## [Your instructions]
No pictures go into the copy. Write out exactly the lines below from the one containing "가평군농업기술센터는 11일 기술센터" through the one containing "2018년 작품이라는 Infinity".

## [Recorded data]
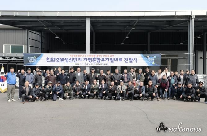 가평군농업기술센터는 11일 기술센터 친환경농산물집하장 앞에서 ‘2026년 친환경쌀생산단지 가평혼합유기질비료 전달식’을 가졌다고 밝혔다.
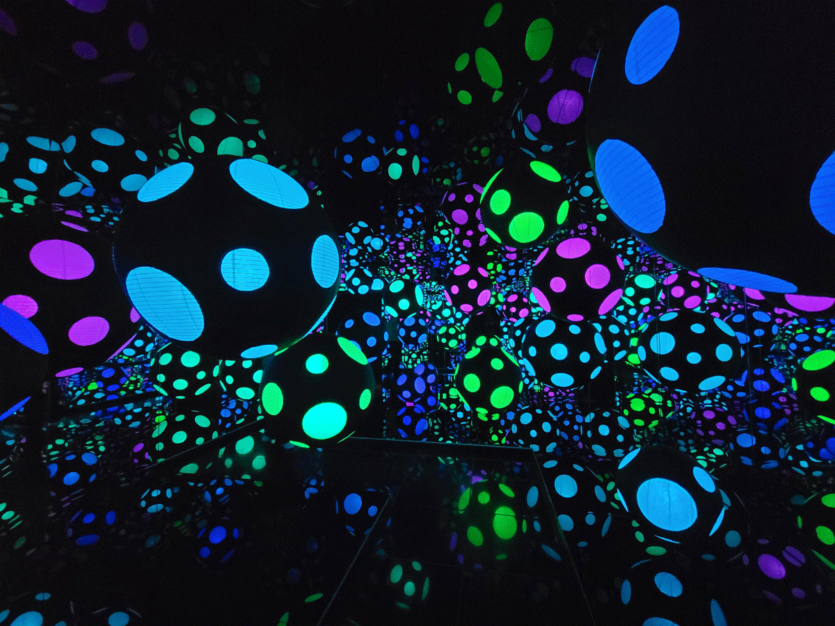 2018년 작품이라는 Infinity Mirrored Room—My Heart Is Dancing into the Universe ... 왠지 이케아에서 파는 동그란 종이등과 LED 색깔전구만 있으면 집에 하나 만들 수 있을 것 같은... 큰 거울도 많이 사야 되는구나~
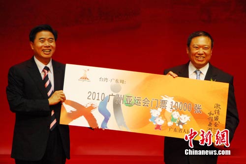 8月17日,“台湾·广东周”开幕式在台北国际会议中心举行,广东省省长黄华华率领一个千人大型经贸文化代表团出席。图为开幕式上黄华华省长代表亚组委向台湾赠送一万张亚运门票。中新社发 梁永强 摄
==
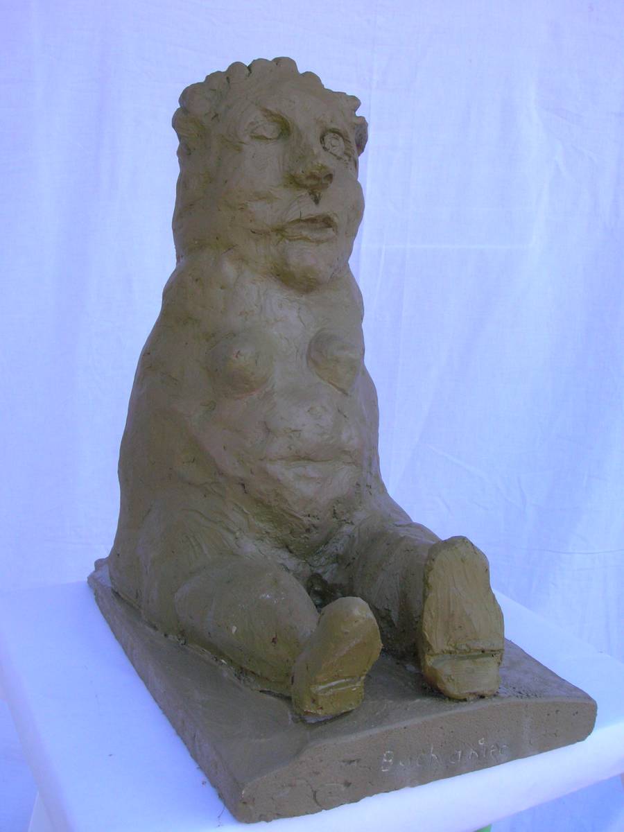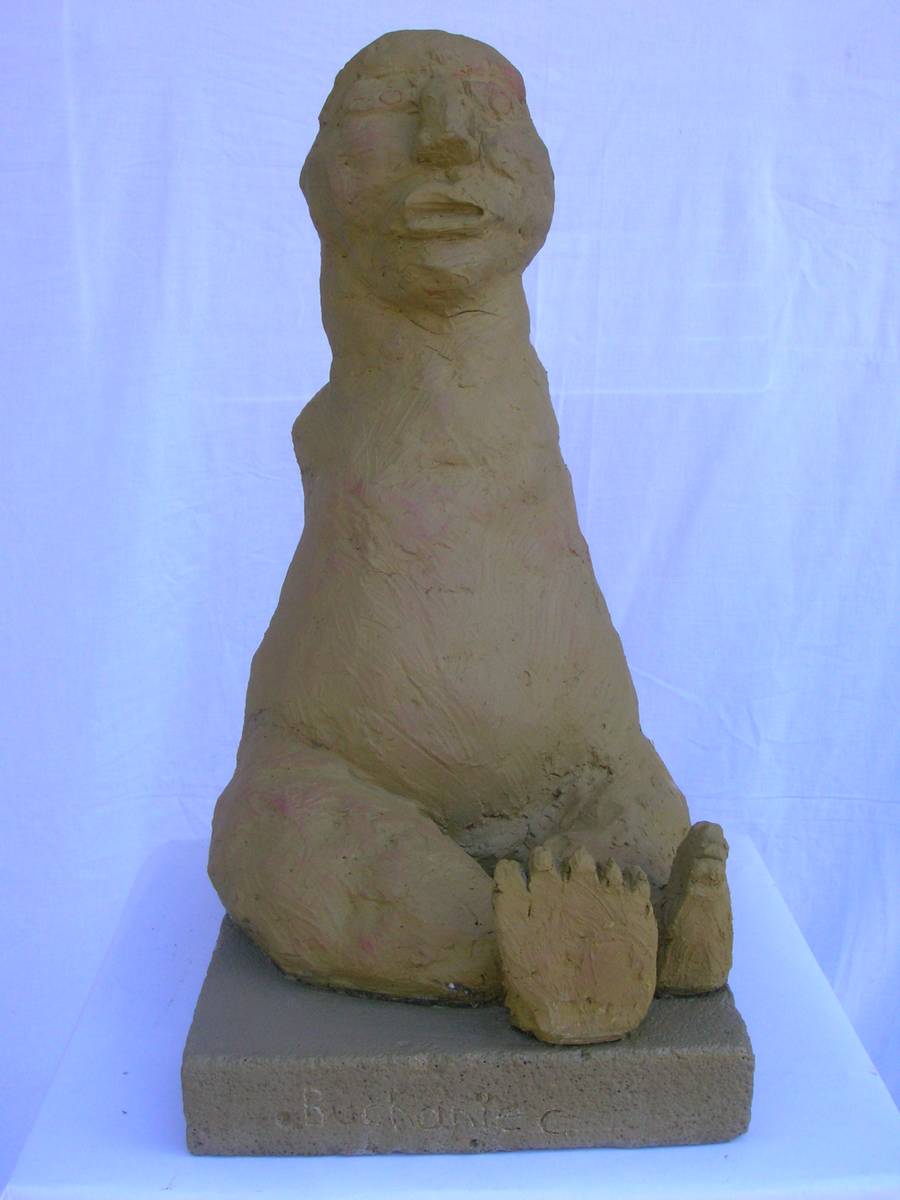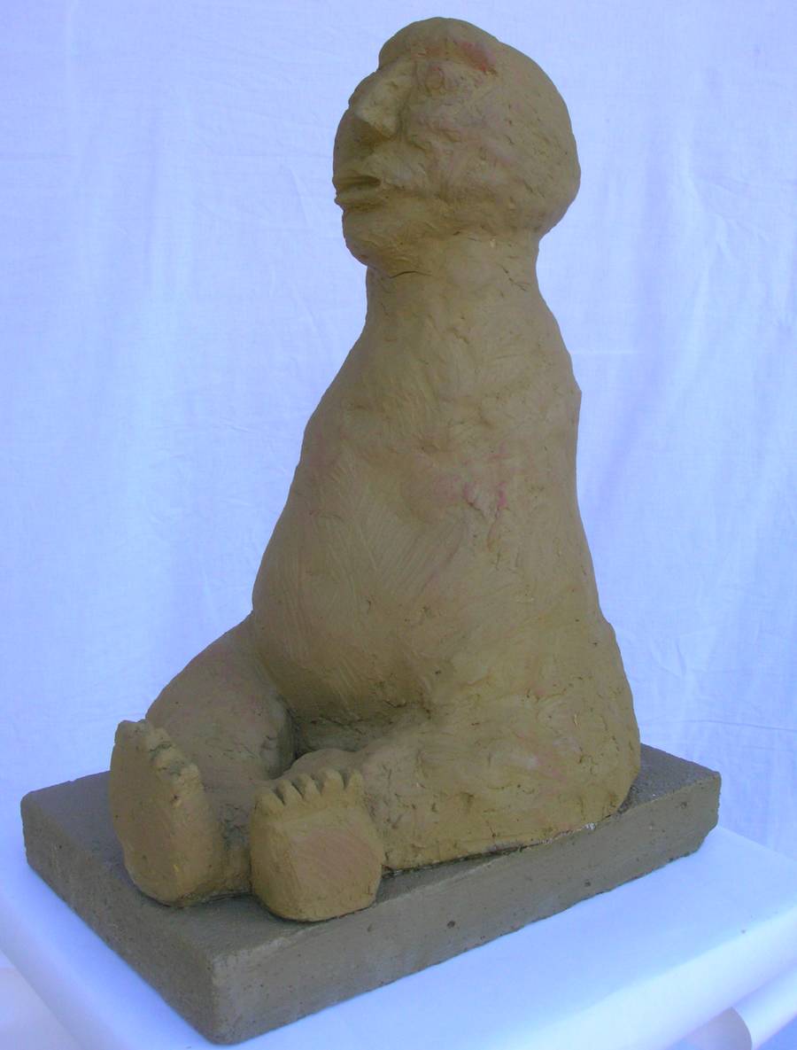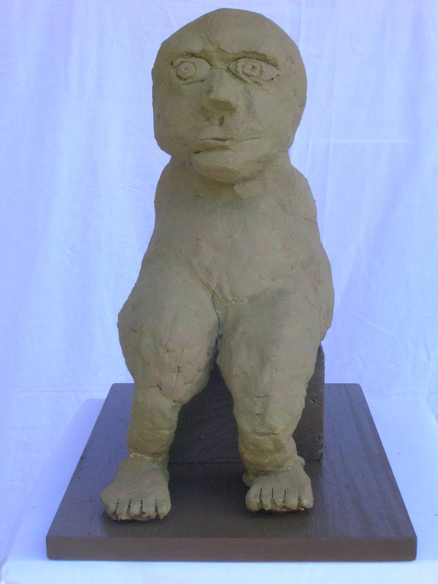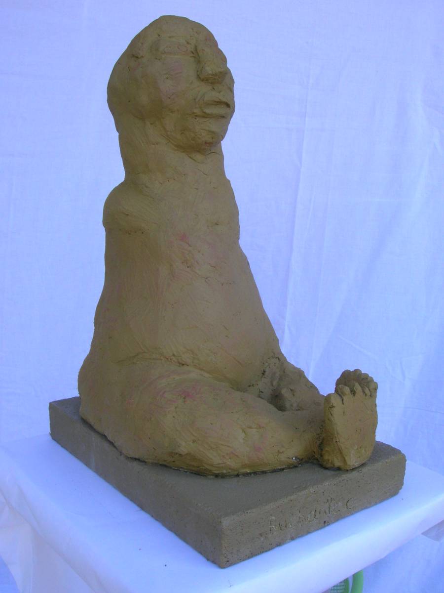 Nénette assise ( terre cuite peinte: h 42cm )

## [Result below]
 가평군농업기술센터는 11일 기술센터 친환경농산물집하장 앞에서 ‘2026년 친환경쌀생산단지 가평혼합유기질비료 전달식’을 가졌다고 밝혔다.
 2018년 작품이라는 Infinity Mirrored Room—My Heart Is Dancing into the Universe ... 왠지 이케아에서 파는 동그란 종이등과 LED 색깔전구만 있으면 집에 하나 만들 수 있을 것 같은... 큰 거울도 많이 사야 되는구나~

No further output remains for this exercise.